[[ Exercise material open ]]
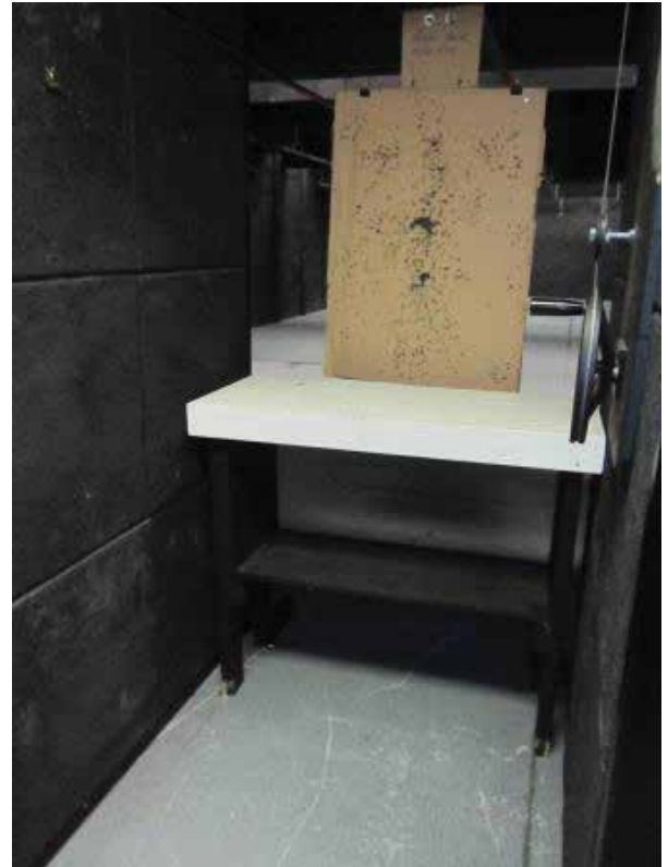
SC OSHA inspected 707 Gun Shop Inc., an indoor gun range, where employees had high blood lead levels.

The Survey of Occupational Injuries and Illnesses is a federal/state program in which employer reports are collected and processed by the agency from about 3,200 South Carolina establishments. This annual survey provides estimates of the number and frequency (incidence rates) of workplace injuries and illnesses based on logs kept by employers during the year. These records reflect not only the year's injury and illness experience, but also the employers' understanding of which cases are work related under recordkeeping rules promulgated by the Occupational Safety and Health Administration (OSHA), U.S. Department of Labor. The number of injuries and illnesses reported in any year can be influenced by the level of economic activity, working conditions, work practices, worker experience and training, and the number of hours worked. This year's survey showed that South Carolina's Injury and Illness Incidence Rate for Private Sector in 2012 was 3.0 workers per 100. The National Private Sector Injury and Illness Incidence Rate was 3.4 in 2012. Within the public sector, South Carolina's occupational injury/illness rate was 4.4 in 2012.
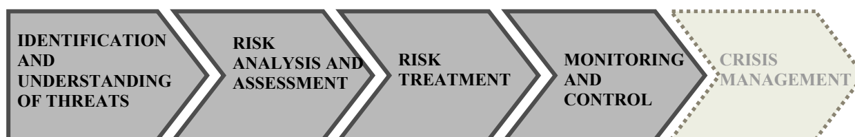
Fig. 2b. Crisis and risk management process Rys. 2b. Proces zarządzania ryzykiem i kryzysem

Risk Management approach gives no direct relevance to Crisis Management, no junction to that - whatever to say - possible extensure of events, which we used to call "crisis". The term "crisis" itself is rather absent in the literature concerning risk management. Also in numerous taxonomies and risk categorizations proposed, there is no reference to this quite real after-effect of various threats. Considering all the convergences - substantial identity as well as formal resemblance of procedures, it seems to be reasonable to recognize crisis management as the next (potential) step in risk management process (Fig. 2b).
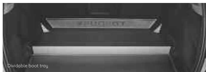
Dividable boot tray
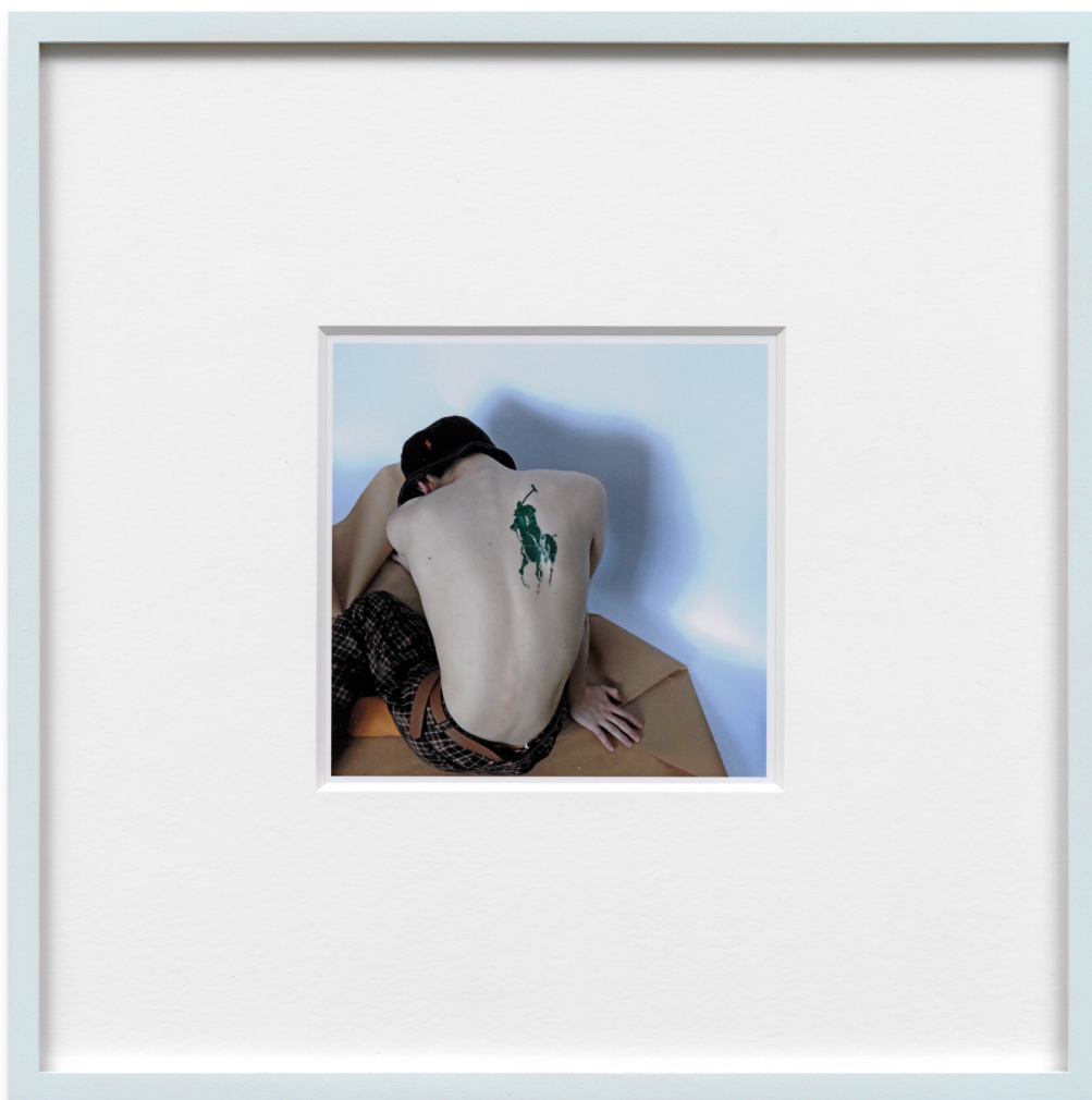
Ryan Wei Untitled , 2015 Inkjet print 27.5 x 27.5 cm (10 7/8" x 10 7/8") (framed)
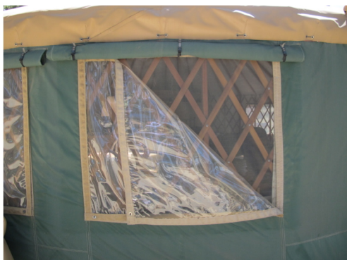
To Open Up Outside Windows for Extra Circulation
[[ Exercise material closed ]]
Exactly the lines from the line with "Ryan Wei Untitled" through the end of the data are to be reproduced, and no picture is to be included.

> **Expected output**
Ryan Wei Untitled , 2015 Inkjet print 27.5 x 27.5 cm (10 7/8" x 10 7/8") (framed)
To Open Up Outside Windows for Extra Circulation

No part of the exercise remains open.